* [What this task involves] For the entries below, copy exactly the line that contains "小さな悪魔のような少年が、黒" through the line that contains "Cheerart Весна 2018", both ends included, and exclude all pictures.

* [Data to process]
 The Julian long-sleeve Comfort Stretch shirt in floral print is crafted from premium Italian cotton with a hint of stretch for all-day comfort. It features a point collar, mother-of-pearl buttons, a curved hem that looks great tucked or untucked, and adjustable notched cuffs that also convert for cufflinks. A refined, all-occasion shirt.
---
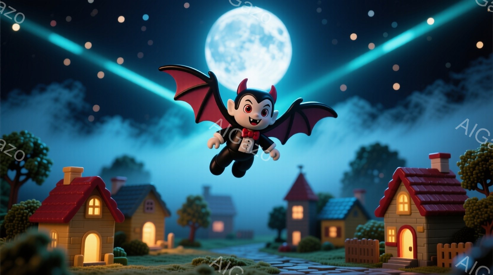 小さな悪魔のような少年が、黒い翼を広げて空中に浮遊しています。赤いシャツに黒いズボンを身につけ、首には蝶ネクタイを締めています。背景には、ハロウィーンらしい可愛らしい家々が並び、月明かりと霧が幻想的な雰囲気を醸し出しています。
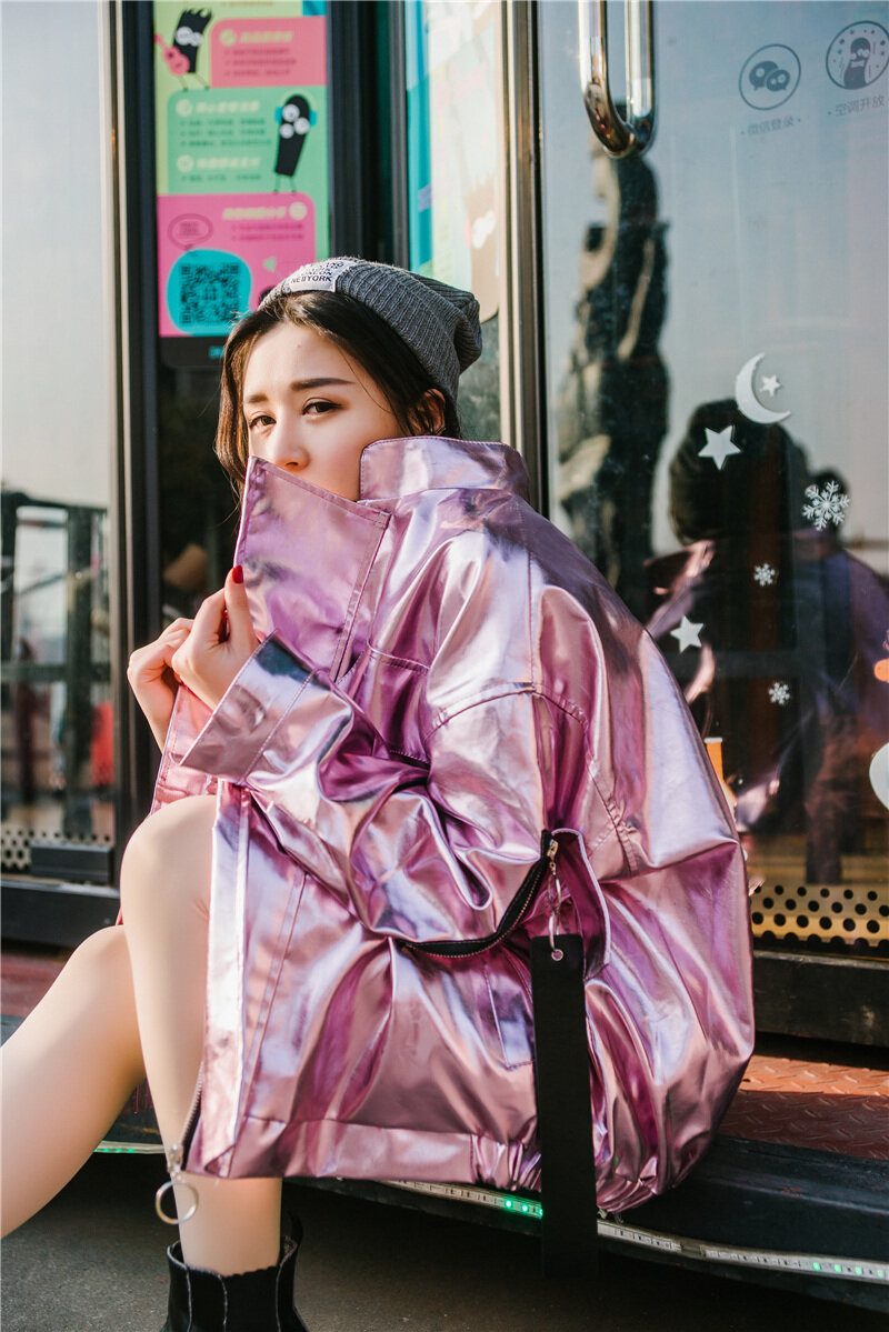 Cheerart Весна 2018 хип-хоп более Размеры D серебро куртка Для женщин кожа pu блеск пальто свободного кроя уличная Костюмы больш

* [Result]
 小さな悪魔のような少年が、黒い翼を広げて空中に浮遊しています。赤いシャツに黒いズボンを身につけ、首には蝶ネクタイを締めています。背景には、ハロウィーンらしい可愛らしい家々が並び、月明かりと霧が幻想的な雰囲気を醸し出しています。
 Cheerart Весна 2018 хип-хоп более Размеры D серебро куртка Для женщин кожа pu блеск пальто свободного кроя уличная Костюмы больш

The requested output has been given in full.